Now consider the finite collection of points $A=\{\gamma_k\} \cup X$. Pick a hyperplane $H$ passing through $x_0$ such that the orthogonal projections onto $H$ of the points in $A$ are distinct. (There are only a finite number of orientations of the hyperplane such that two points in $A$ project to the same point.) Let $\Pi$ be the orthogonal projection operator (projects onto the subspace parallel to $H$), and let $h$ be the normal of the hyperplane.

Since $Y$ is open, we see that $B(x_0,\epsilon) \subset Y$ for some $\epsilon>0$. Let $H_\eta = H+ \{ \eta h\}$. By choosing $\eta$ sufficiently small, we can shift the hyperplane such that it intersects $B(x_0,\epsilon)$ but passes through none of the points $X$.

Let $\phi$ be the (affine) orthogonal projection onto $H_\eta$.

Let $B= \{ y | \Pi y = \Pi x \text{ for some } x \in X \}$ (a finite collection of lines perpendicular to $H_\eta$). By construction, none of the points $\gamma_k$ lie in $B$, but it is possible that some segment $[\gamma_i, \gamma_{i+1}]$ intersects $B$.
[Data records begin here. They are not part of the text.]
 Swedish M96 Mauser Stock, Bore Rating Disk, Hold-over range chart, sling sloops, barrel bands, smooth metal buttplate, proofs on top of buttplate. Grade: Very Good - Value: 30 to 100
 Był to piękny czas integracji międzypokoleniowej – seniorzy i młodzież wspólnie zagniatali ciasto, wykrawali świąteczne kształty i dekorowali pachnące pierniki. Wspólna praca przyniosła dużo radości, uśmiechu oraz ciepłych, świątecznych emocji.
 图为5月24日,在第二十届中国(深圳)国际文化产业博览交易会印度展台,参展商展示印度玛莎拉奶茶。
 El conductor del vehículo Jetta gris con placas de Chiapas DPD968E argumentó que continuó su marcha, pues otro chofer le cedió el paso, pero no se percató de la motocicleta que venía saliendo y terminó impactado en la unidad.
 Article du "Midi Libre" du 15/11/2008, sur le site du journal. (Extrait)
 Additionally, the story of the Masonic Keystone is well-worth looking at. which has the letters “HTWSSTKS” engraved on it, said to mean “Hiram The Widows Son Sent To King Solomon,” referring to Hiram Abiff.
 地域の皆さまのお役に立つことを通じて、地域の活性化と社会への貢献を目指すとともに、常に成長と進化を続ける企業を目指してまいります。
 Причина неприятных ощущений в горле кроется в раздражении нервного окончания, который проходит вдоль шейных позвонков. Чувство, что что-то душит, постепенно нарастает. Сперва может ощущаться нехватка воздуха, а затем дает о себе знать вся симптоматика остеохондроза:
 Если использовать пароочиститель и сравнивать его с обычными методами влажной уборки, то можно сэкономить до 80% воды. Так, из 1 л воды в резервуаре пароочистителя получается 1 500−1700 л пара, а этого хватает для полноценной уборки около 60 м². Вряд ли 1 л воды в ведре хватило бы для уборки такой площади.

Suppose a segment $[\gamma_i, \gamma_{i+1}]$ intersects $B$. Pick a direction $d$ that is perpendicular to $\gamma_{i+1}-\gamma_{i}$ and $h$ (this is where $n\ge 3$ comes in). As above, define $p_\lambda(t) = \gamma_i + t(\gamma_{i+1}-\gamma_{i}) + (1-|2t-1|) \lambda d$, and let $N= \{ \lambda | p_\lambda([\gamma_i, \gamma_{i+1}]) \cap B \neq \emptyset \}$. Note that $N$ is finite, hence there is some $\delta>0$ such that $p_\lambda([\gamma_i, \gamma_{i+1}])$ does not intersect $B$ for $\lambda \in (0,\delta]$. Hence $p_\lambda([\gamma_i, \gamma_{i+1}])$ does not intersect $X$ for $\lambda \in [0,\delta]$. Hence we can continuously modify the path $\gamma$ by adding the point ${\gamma_i +\gamma_{i+1} \over 2}+ \delta d$ while remaining in $Y$. Repeat this process for all segments that intersect $B$. Hence the original path is homotopic in $Y$ to a curve that does not intersect $B$.

The points $x_0, \phi(x_0)$ are in $B(x_0,\epsilon)$ and since the ball is convex, we can see that the modified curve is homotopic in $Y$ to the same curve with the points $x_0, \phi(x_0)$ prepended (that is, the points on the path are $x_0, \phi(x_0), x_0=\gamma_0, ...$). In a similar manner, add the points $\phi(x_0), x_0$ to the end of the path.

The modified path looks like $x_0, \phi(x_0), \gamma_1, ...,\gamma_n, \phi(x_0), x_0$ (the $\gamma_i$ are the modified points).

Now consider the map $\theta_t(x) =(1-t)x+ t \phi(x)$ apply the map to the portion of the curve $\phi(x_0), \gamma_1, ...,\gamma_n, \phi(x_0)$. Hence the modified path is homotopic in $Y$ to the path $x_0, \phi(x_0), \phi(\gamma_1), ...,\phi(\gamma_n), \phi(x_0), x_0$, and since the points $\phi(x_0), \phi(\gamma_1), ...,\phi(\gamma_n), \phi(x_0)$ lie in the convex set $H_\eta \subset Y$ the curve is homotopic to the curve $x_0, \phi(x_0), x_0$, and since the ball is convex, this curve is homotopic in $Y$ to the constant curve $t \mapsto x_0$.